The limited partner only has limited powers over the partnership. They may only be held liable to the extent of their investment in the limited partnership.

Because of this, they are mainly responsible for investment duties relating to the limited partnership.

What are Fiduciary Duties in Partnerships?

In every partnership, each partner owes the other partners a fiduciary duty. A fiduciary duty is a type or trust.

The type of fiduciary duty that is owed may vary depending upon the nature of the partnership and what was included in the partnership agreement.

What is a Master Limited Partnership?

A Master Limited Partnership is a special category of limited partnership. Master Limited Partnerships are also referred to as MLPs.

Master Limited Partnerships are limited partnerships that are typically larger than a standard partnership and are publicly traded according to securities laws.

MLP status is restricted by United States federal laws. MLP status is typically only issued to businesses that involve the use or manipulation of natural resources.

Master limited partnerships may also include certain types of real estate partnerships.

What are the Benefits of an MLP?

As with any type of limited partnership, there are many benefits to filing as an MLP, which may include:

  • Avoiding corporate tax rates;
  • Reduced liability for limited partners, although parties also have restricted rights; and
  • Benefits associated with liquid securities that can be traded publicly.

In addition, MLPs tend to save costs on funding due to the nature of the business operations as well as the favorable tax implications.

What if I Have a Dispute that Involves a Limited Partnership?

One of the primary factors that separates the different types of partnerships is the amount of liability that can be attributed to each partner. The type of partnership will determine which of the partners can be held responsible for the financial losses of the partnership.

Typically, a limited partner is only liable to the extent of the investment they made to the limited partnership. However, if the partner was acting outside the scope of their duties as a limited partner, it is likely that they will be held personally liable for any injuries or losses that they caused.

For example, if the limited partner attempts to hold themselves out as if they are a general partner and starts making management decisions or represents as much to a third party, then they may be held personally liable for their actions. On the other hand, if the limited partner was acting within the scope of their duties, which are typically set forth by the terms of an entity’s partnership agreement, it is more likely that the limited partnership itself will be held responsible for any injuries or losses that result.

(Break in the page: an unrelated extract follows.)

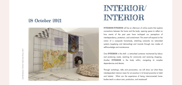 INTERIOR/INTERIOR was an afternoon of online events that explored connections between the home and the body: opening space to reflect on how events of the pandemic have re-shaped our perceptions of interdependency, protection, and containment. This event expanded upon the notion of a composite home-body, stretching outwards via networked systems (supplying and demanding) and inwards through new modes of self-knowledge and maintenance. One INTERIOR is the shell - a networked container maintained by labour and producing waste, reaching for community and receiving shopping. Another INTERIOR is the body within, navigating its complex dependencies and desires. 'Through workshops, talks and provocation, we will draw out what these interdependent interiors mean for art practice in its forced proximity to habit and habitat. What can the experience of being interconnected home-bodies teach us about care, production, and resistance?' INTERIOR/INTERIOR was curated by Dr Zoë Mendelson (artist and Head of Painting and Printmaking at The Glasgow School of Art) and Anna Bunting-Branch (artist and Associate Lecturer, Camberwell College of Arts). The event consisted of 3 parts: PART 1: CALLING OCCUPANTS: Artists and writers share their responses to a series of provocations that emerge from the themes of INTERIOR/INTERIOR. Hosted by Anna Bunting-Branch and Zoë Mendelson, with space for questions and discussion. Artist-contributors: Marita Fraser; Hazel Meyer; Hylozoic/Desires (Himali Singh Soin & David Soin Tappeser); Nastja Säde Rönkkö; Xiuching Tsay PART 2: The virus and the expanded field: Dr. Zoë Mendelson will present new research into the virus as metaphor, considering applied uses for an examination of its spread, mutation and its ambitions. Drawing on expanded field art practice and the medical, this research uses models from art practice to consider how the site of the pandemic home has become an escape from the viral but also sits in the shadow of its most stark metaphors. Our homes, connected via electricity and forms of commodified exchange, now produce (work, economics) as well as consume, forming buzzing cartographic global drawings stitching domestic spaces to each other across the world. Mendelson shielded for 59 weeks from March 2020 and draws on her experience of the home-as-skin suggesting how wellbeing as a success narrative dissolves the values of productive vulnerability. PART 3: Recipes for Disaster 17.30 - 19.30 Recipes for Disaster will be for up to 20 participants and will include live presentation and break out rooms, with the option to publish your recipe in the event archive. In this creative writing workshop, we will explore ways to prepare, create and transform in the face of disaster: from personal and political heartbreak to austerity, illness, climate emergency, and whatever else the future may have in store. Thinking about the recipe as a minor genre that embraces both practical instruction and wonderous alchemy, we will write our own recipes for disaster that mix ingredients for sustenance, indulgence, survival and insurrection. Recipes for Disaster will be led by Anna Bunting-Branch, drawing on her ongoing research into feminist science fiction. |

In certain cases, multiple partners in the partnership may be jointly liable either to the partnership or be held responsible for paying damages awarded to a plaintiff. This will depend on the individual facts surrounding each case as well as the liability agreement created between and entered into by the partner and their partnership organization.

What Legal Issues are Associated with Master Limited Partnerships?

One of the legal issues that may be associated with Master Limited Partnerships includes that the tax implications, although they are beneficial, may also be very complex. The distributions from a MLP to its members are subject to complex legal and tax determinations that may require legal assistance.

In addition, because MLPs tend to be larger organizations, the partners often have somewhat limited interests in the securities. Even the general partners may have somewhat smaller interests in comparison with other types of business forms.

Disputes over securities issues may arise in an MLP setting, which may require a lawsuit to resolve.

Do I Need a Lawyer for Help with MLP Issues?

A Master Limited Partnership is a highly specific type of business structure. It may be helpful to have the assistance of a corporate lawyer for any issues, questions, or concerns you may have regarding a master limited partnership or with any other types of business matters.

If a dispute arises related to your MLP, your attorney can help you file a lawsuit. If a lawsuit becomes necessary, your lawyer will represent you throughout the process.